Even giving Cano enough benefit of the doubt on defense to put him over Iguchi, he’s still only the best eligible position player among AL rookies (Tampa Bay designated hitter Jonny Gomes and Oakland first baseman Dan Johnson are better hitters, but bring minimal defensive value, slotting them behind Cano), which makes two qualifiers. In terms of total value he’s at best as good as four pitchers: Tampa Bay starter Scott Kazmir (9-9, 3.85 ERA, 180 innings), Toronto starter Gustavo Chacin (12-9, 3.66, 191.2), and two Oakland pitchers, starter Joe Blanton (11-11, 3.60, 187.1) closer Huston Street (5-1, 1.66, 76, 22 saves).
Judging among these four, and among Cano, is pretty difficult. I’d cross Chacin and Blanton off the ballot first; they’re three years older than Kazmir, and their slight edges in ERA and innings don’t make up for Kazmir’s advantage in age and the fact that he ranks fifth in the league in strikeouts. That makes the choice one among a second baseman, a starter, and a closer, with all the various tie-breakers our disinterested friend would have a hard time understanding in play.
In terms of value, it’s roughly a threeway tie. Street’s ERA is very impressive, but despite his 22 saves, the A’s haven’t really gotten the most out of him by using him in a lot of tight spots. Moreover, Kazmir’s huge edge in innings cancels out Street’s edge in effectiveness. Cano hasn’t been quite as good a second baseman as Kazmir has been a starter or Street has been a closer, but an everyday player has so many more chances to affect a game that Cano’s overall value has been similar to theirs.
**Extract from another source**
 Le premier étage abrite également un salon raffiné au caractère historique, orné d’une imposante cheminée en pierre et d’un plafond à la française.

That leaves the big tie-breaker to come into play: star potential. This is where Cano comes up short. Because he doesn’t walk a lot, Cano has to hit .290 or higher to hold his own,even given his solid power and passable defense; it’s not a good bet that he’s going to continue to do that. Compare him to the Mets’ Jose Reyes, a superficially similar player: Reyes is a year younger, has stolen 57 more bases than Cano this year, strikes out three times as often as he walks as opposed to Cano’s four times, and plays an athletic shortstop as opposed to a somewhat stiff second. All of those indicators make one think Reyes can hit .310 or so consistently; there’s less reason to think Cano can. Add in that second basemen tend to peak early and lose value quickly, and Cano’s not a stock to invest a lot of money in.
All this said, if the Yankees came up with one player as good as Cano every year, they’d have a payroll half the size of their present one and a lot more rings. He’s someone to root for, just not the future Hall of Famer many Yanks fans seem to think he is.
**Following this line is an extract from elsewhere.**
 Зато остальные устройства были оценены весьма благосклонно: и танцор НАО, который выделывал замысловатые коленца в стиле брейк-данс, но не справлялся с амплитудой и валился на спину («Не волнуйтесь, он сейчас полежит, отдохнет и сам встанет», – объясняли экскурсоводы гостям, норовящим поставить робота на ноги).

Street and Kazmir, both 21, have serious star potential, especially Kazmir. The list of pitchers who can come right out of college and put up a sub-2.00 ERA while 1172 1144 1300 1156closing for a team in a pennant race, as Street has, is very short; still, I think everyone would take the starter who ranks fifth in strikeouts and throws 98 mph. Kazmir may not have been quite as good as Street, Blanton, Chacin or even Cano this year, but it was a very small margin, and he was that good while leading the league in walks; if he can focus on throwing more strikes, he could be one of the top 10 pitchers in the league as soon as next year.
He certainly has the best shot among this group of playing in the 2015 All-Star Game. If he does, he’ll be throwing to Mauer, the real Rookie of the Year. It may not make any sense, but like everything from the infield fly rule to the balk, that’s just baseball.